> **WORK TO COMPLETE**
Every line below must be copied as written, except for pictures.

> **GIVEN MATERIAL**
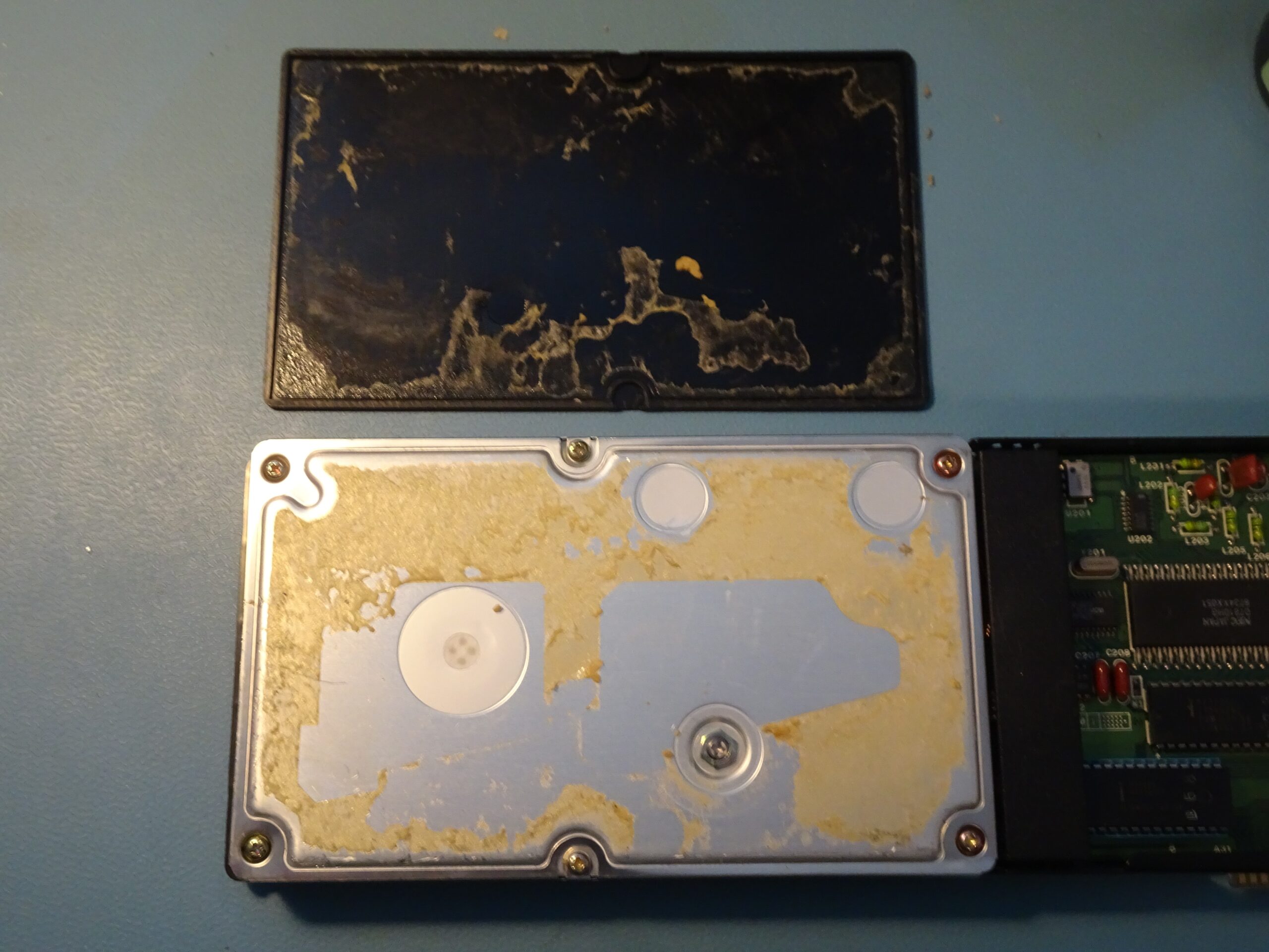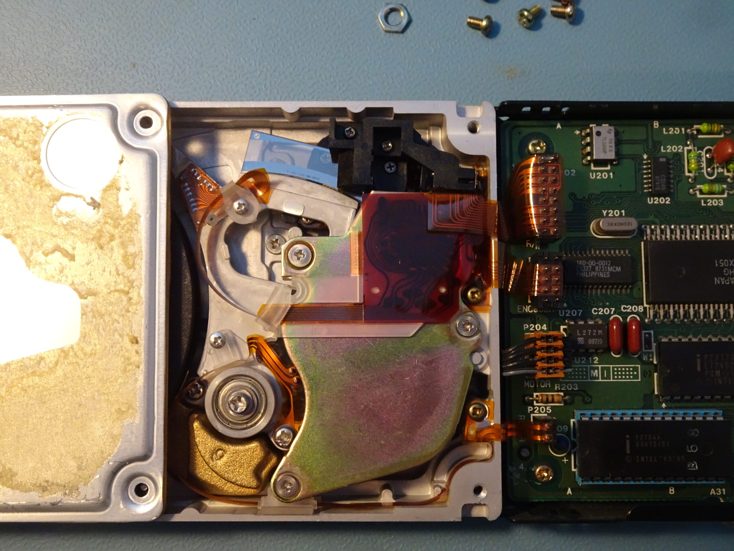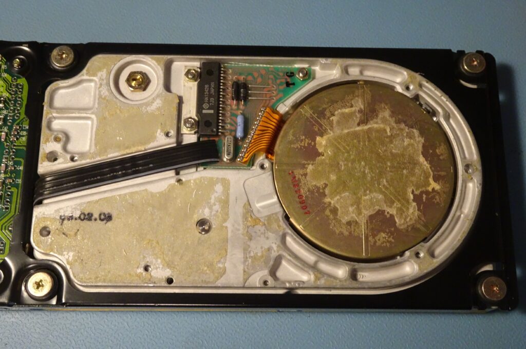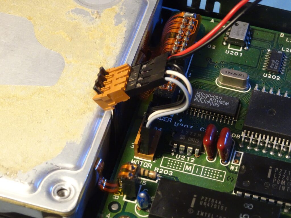 Speaking of spinning up: the drive still wasn’t doing that. At first, I thought this was because it detected the heads being stuck, but I now realised this couldn’t be the case: the heads can only start moving after the disk has spun up, so it should start by spinning up in any case.
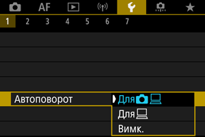 - Зображення, які було знято зі встановленим значенням [Вимк.] параметра автоматичного повертання, не повертатимуться під час відтворення, навіть якщо згодом для автоматичного повертання буде встановлено значення [Увімк.].
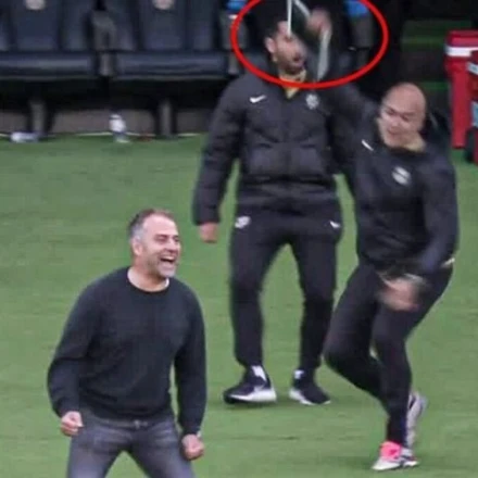 Και τόσο μεγάλη χαρά είχε ένας από τους βοηθούς του Φλικ, βλέποντας τον διαιτητή να δείχνει την εσχάτη των ποινών, που πάνω στους πανηγυρισμούς πέταξε κάτω και έσπασε ένα τάμπλετ που κρατούσε, όσο ήταν καθισμένο στον πάγκο.
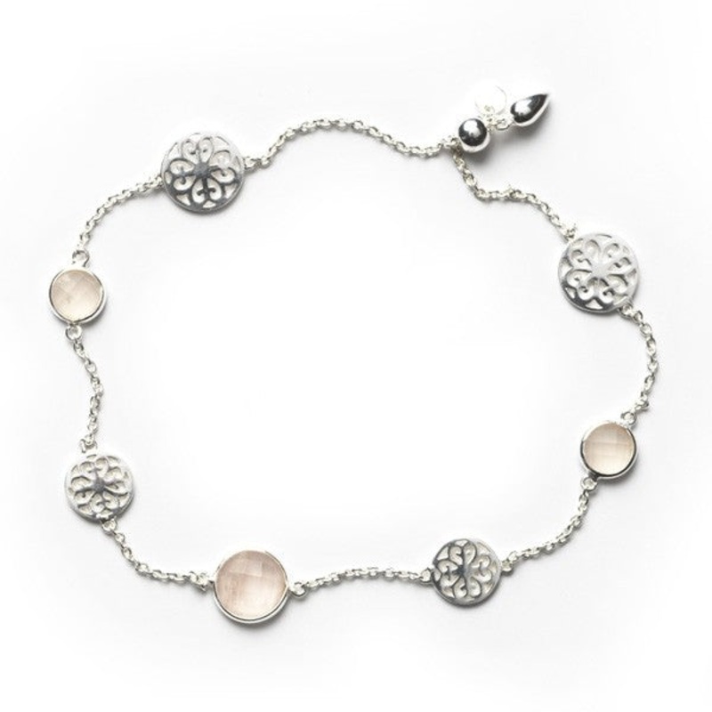 6.25-8 in925 sterling silver & rose quartzDesigned and distributed in Charleston, SCBeautiful scroll designs reminiscent of the ironwork found in historic churches, chapels, and cathedrals have inspired this intricate filigree jewelry.Recommended Care Inst

> **WRITTEN SOLUTION**
 Speaking of spinning up: the drive still wasn’t doing that. At first, I thought this was because it detected the heads being stuck, but I now realised this couldn’t be the case: the heads can only start moving after the disk has spun up, so it should start by spinning up in any case.
 - Зображення, які було знято зі встановленим значенням [Вимк.] параметра автоматичного повертання, не повертатимуться під час відтворення, навіть якщо згодом для автоматичного повертання буде встановлено значення [Увімк.].
 Και τόσο μεγάλη χαρά είχε ένας από τους βοηθούς του Φλικ, βλέποντας τον διαιτητή να δείχνει την εσχάτη των ποινών, που πάνω στους πανηγυρισμούς πέταξε κάτω και έσπασε ένα τάμπλετ που κρατούσε, όσο ήταν καθισμένο στον πάγκο.
 6.25-8 in925 sterling silver & rose quartzDesigned and distributed in Charleston, SCBeautiful scroll designs reminiscent of the ironwork found in historic churches, chapels, and cathedrals have inspired this intricate filigree jewelry.Recommended Care Inst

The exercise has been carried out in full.